Once the database and the administrator user and password are configured, you can create the new database to contain the chanjo structures. To do so, from a terminal type:
mysql -u admin_user -padmin_password #no space between -p and password
mysql> create database chanjo4_demo;
mysql> exit
To create a new empty database download the empty schema chanjo4_structure.sql
under scout/demo/resources
. The command to restore the database from this dump file is:
mysql -u admin_user -padmin_password chanjo4_demo < path/to/chanjo4_structure.sql #no space between -p and password
To create instead a demo database containing coverage data for genes in panel1 for the samples used in the demo version of scout, you might download the schema chanjo4_demo.sql
. This file is present in the folder scout/demo
, along with the rest of the demo data. The syntax to create the database is the same as above.

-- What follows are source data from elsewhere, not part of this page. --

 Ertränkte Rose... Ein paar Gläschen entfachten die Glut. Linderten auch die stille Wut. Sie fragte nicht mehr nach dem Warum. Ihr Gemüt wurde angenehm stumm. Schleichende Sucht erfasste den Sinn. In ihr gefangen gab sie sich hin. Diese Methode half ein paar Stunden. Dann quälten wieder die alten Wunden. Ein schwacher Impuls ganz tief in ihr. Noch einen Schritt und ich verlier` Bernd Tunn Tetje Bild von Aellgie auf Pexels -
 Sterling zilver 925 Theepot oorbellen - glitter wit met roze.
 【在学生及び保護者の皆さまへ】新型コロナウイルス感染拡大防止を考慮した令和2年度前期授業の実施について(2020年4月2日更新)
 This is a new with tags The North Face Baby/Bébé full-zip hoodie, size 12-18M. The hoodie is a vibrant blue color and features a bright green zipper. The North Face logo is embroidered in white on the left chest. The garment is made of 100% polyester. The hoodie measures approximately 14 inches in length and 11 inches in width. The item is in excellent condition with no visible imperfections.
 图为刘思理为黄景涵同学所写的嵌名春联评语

Chanjo database consists of 3 tables: - sample:
Field | Type | Null | Key | Default | Extra |
---|---|---|---|---|---|
id | varchar(32) | NO | PRI | NULL | |
group_id | varchar(128) | YES | MUL | NULL | |
source | varchar(256) | YES | NULL | ||
created_at | datetime | YES | NULL | ||
name | varchar(128) | YES | NULL | ||
group_name | varchar(128) | YES | NULL |
- transcript:
Field | Type | Null | Key | Default | Extra |
---|---|---|---|---|---|
id | varchar(32) | NO | PRI | NULL | |
gene_id | int(11) | NO | MUL | NULL | |
gene_name | varchar(32) | YES | MUL | NULL | |
chromosome | varchar(10) | YES | NULL | ||
length | int(11) | YES | NULL |
- transcript_stat:
Field | Type | Null | Key | Default | Extra |
---|---|---|---|---|---|
id | int(11) | NO | PRI | NULL | auto_increment |
mean_coverage | float | NO | NULL | ||
completeness_10 | float | YES | NULL | ||
completeness_15 | float | YES | NULL | ||
completeness_20 | float | YES | NULL | ||
completeness_50 | float | YES | NULL | ||
completeness_100 | float | YES | NULL | ||
threshold | int(11) | YES | NULL | ||
_incomplete_exons | text | YES | NULL | ||
sample_id | varchar(32) | NO | MUL | NULL | |
transcript_id | varchar(32) | NO | MUL | NULL |
chanjo-report
This package might be downloaded and installed via git clone
and using pip install
command (instructions here), but perhaps the easiest way to make sure that it will serve pages once the app is invoked by scout is to install it with this command:
pip install scout-browser[coverage]
Just make sure that both scout and chanjo-report are installed on the same virtual environment (if you are using one). Note that chanjo-report requires the package pymysql if it will be connecting to a MySQL database. So if it is not found in the environment you can install it with this command:
pip install pymysql
Enabling the chanjo coverage integration in scout
In order to enable the support for the coverage report visualization in scout the configuration file named config.py
under scout/server
must be modified to include the following line:
SQLALCHEMY_DATABASE_URI = 'mysql+pymysql://username:password@host:port/chanjo4_demo'
The database URI provided in the line above refers to the MySQL database with the coverage data, so user and password are those used to connect to the database. Default database host and port are localhost
and 3306
respectively.
If your scout implementation is using another configuration file other than the default config.py
then the database connection URI must be added to this file instead.
Once all the above steps are executed you should see the "Coverage report" option on the left side bar under the scout case page. The buttons allow to generate HTML and PDF reports for the case samples.